Lewis v. Lewis

285 P.3d 273, 2012 WL 4039805, 2012 Alas. LEXIS 131
CourtAlaska Supreme Court
DecidedSeptember 14, 2012
DocketNo. S-14473
StatusPublished
Cited by2 cases

This text of 285 P.3d 273 (Lewis v. Lewis) is published on Counsel Stack Legal Research, covering Alaska Supreme Court primary law. Counsel Stack provides free access to over 12 million legal documents including statutes, case law, regulations, and constitutions.

Bluebook
Lewis v. Lewis, 285 P.3d 273, 2012 WL 4039805, 2012 Alas. LEXIS 131 (Ala. 2012).

Opinion

[274]*274OPINION

FABE, Justice.

I. INTRODUCTION

When Chad and Jessica Lewis divorced, they participated in a settlement conference to divide their property. Following the settlement conference, the superior court recited a proposed settlement agreement on the record, and both parties agreed to it.
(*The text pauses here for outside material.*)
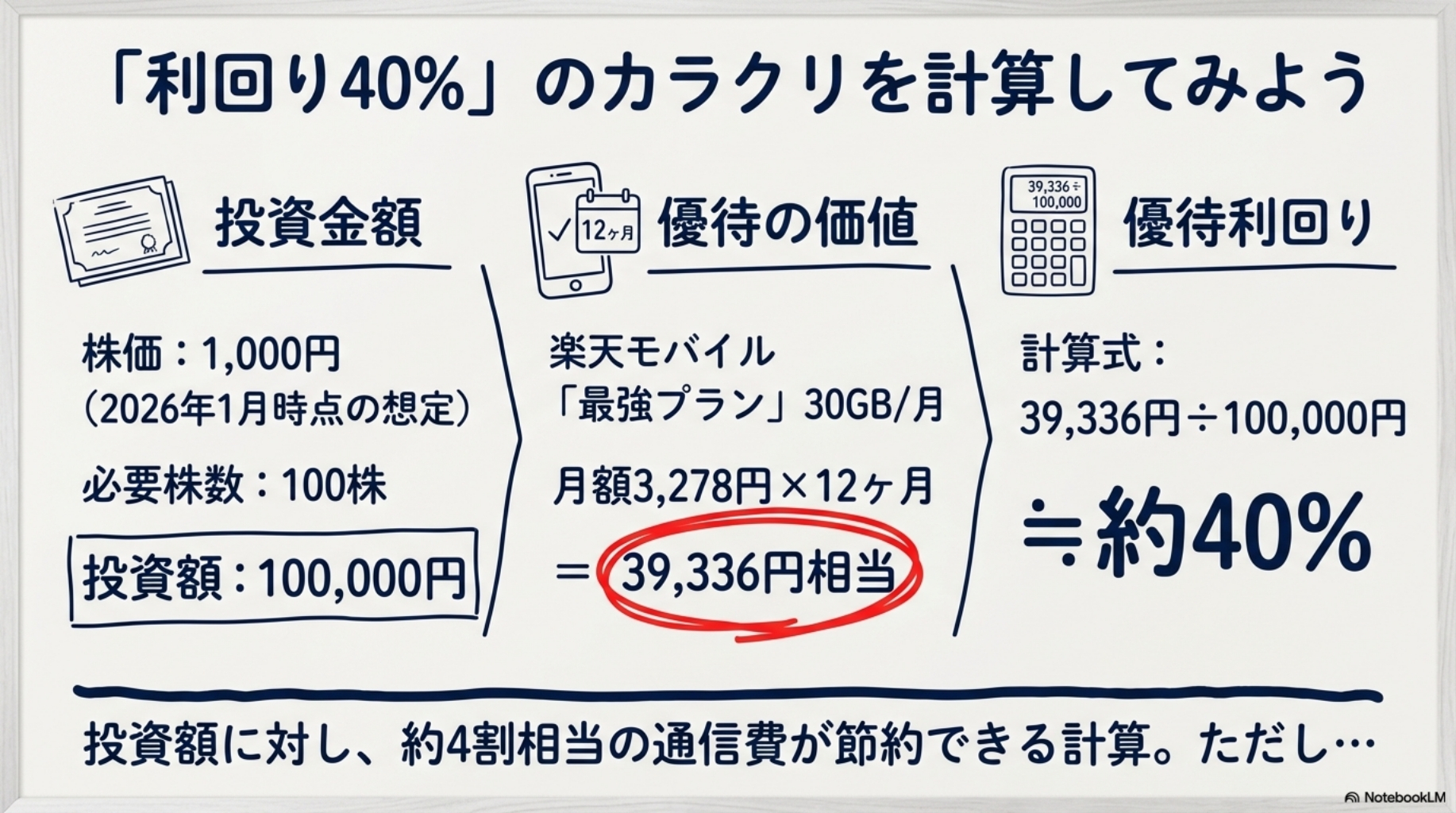 つまり、「楽天の株を持っていれば、スマホ代が1年間まるごと浮く」わけで、

Jessica then filed proposed findings of fact and conclusions of law incorporating terms which differed from the agreement as recited by the court. The superior court accepted Jessica's proposed findings and decree over Chad's objection. Chad now appeals. Because we conclude that there is no evidence that the parties agreed to the terms set out in Jessica's proposal and because the terms recited on the record are unenforceable, we vacate the superior court's written findings of fact and conclusions of law and remand for a new property division.

II. FACTS AND PROCEEDINGS

Chad and Jessica Lewis were married in 1997 and separated in 2010. Jessica filed for divorce shortly thereafter. The parties came before the superior court for a settlement conference in July 2011. There the parties ostensibly reached an agreement as to the division of their assets and liabilities.
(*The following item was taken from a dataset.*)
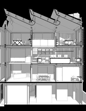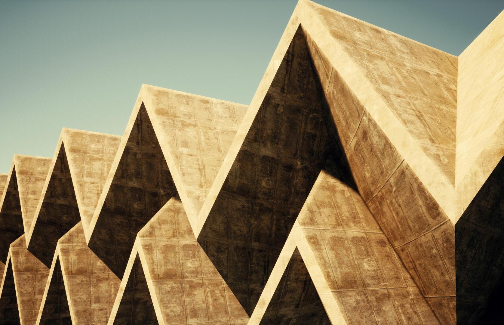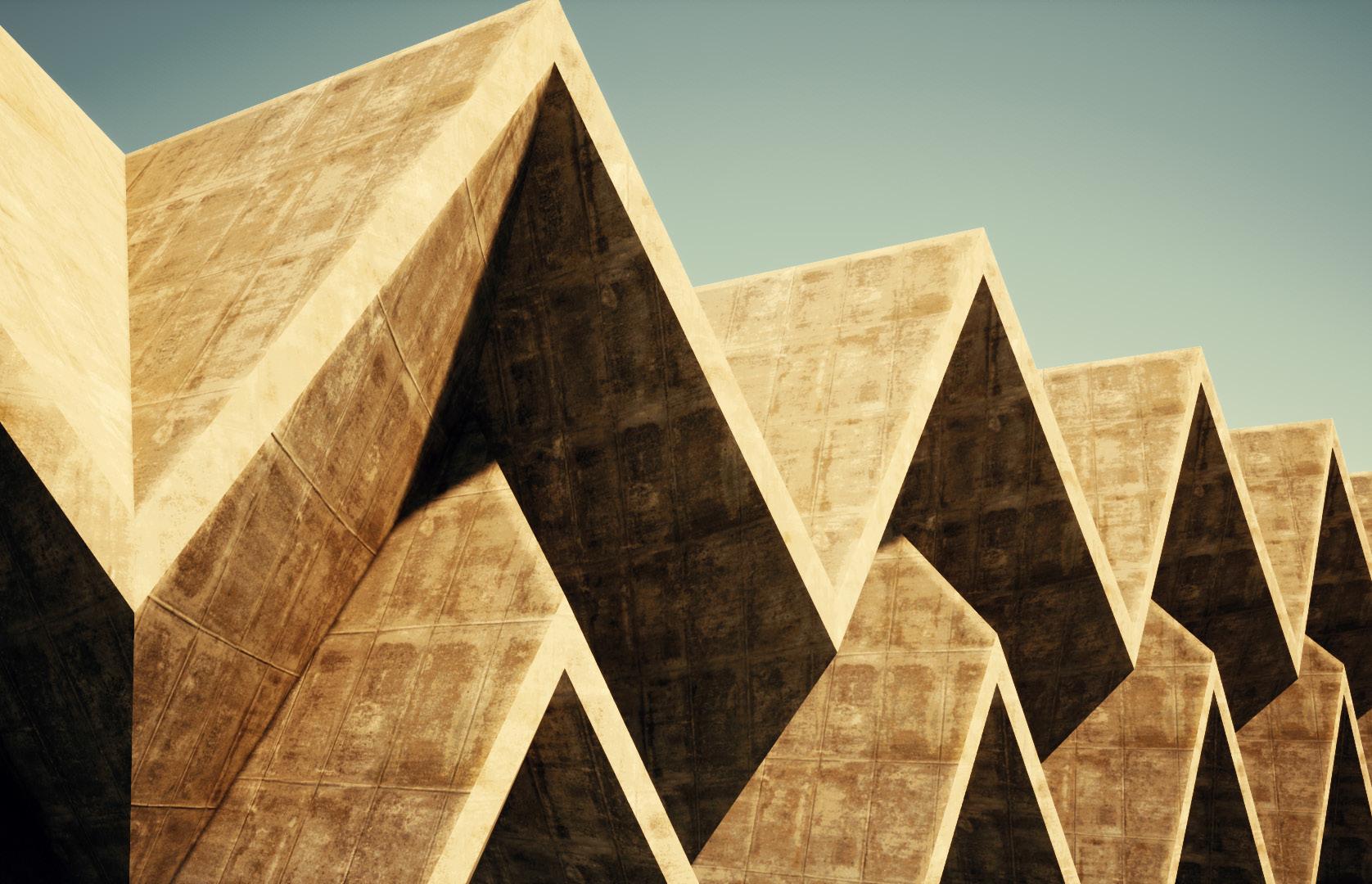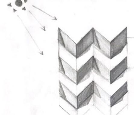 self shading surfaces that could create large windows that brought in light and ventilation in the interiors.

Following the agreement, the superior court "[took] a stab at placing [the] settlement agreement on the record." The court noted that the most significant asset, the marital residence, was then encumbered with two mortgages: a Citibank mortgage and an Alaska USA home equity line of credit (HE-LOC). The court stated that Chad was to have the option either to sell the property or to refinance it in an amount that would satisfy both the Citibank and HELOC loans and to buy out Jessica's share of the equity. If Chad chose to refinance, the court said, Jessica's

share of the equity would be defined as fair market value on a re-filnancel, which the parties stipulate as $175,000, minus the principal balance on the Citibank loan and the HELOC times 50 percent, because she is entitled to half the equity, minus one-half the amount of the principal balance of the HELOC at the time of refinance, plus $4,000 to compensate her for mortgage payments she made post-separation. The remainder of the equity would go to Mr. Lewis and is basically the same formula in reverse: fair-market value minus the Citibank and the HELOC, plus one-half of the principal balance of the HELOC loan as of the date of refinance, minus $4,000 for the compensation for the mortgage payments that [Jessica] made post-separation.
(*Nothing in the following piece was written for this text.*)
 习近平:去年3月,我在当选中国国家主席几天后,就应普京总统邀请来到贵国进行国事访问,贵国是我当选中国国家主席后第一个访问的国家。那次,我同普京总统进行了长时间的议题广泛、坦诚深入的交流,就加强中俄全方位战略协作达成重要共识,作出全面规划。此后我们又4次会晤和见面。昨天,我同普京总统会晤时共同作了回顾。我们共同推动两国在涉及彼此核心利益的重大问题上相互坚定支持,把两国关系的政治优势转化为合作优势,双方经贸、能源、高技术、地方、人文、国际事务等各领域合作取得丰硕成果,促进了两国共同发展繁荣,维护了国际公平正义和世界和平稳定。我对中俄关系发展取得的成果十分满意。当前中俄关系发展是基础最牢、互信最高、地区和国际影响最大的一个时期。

The court then gave both parties an opportunity to object or make corrections to this formula, and neither did. The court asked Jessica's counsel to prepare factual findings and a proposed decree memorializing the agreement.

Shortly after the settlement conference, Jessica's counsel submitted proposed findings of fact and conclusions of law. The proposal described the division of the equity in the house as follows:

Jessica Lewis share of the equity is defined as the [] fair market value of the home, $175,000, (if refinanced vs. sold) minus one half (1/2) of the Citimortgage loan and one half (1/2) of the Alaska USA HE-LOC at the time of closing. In addition, Chad Lewis owes Jessica Lewis $4,000 to compensate Jessica Lewis for mortgage payments made post separation.
Chad Lewis' share of the equity is defined as fair market value of the refinance minus one half (1/2) of the Citimortgage loan and one half (1/2) of the Alaska USA HELOC at the time of closing.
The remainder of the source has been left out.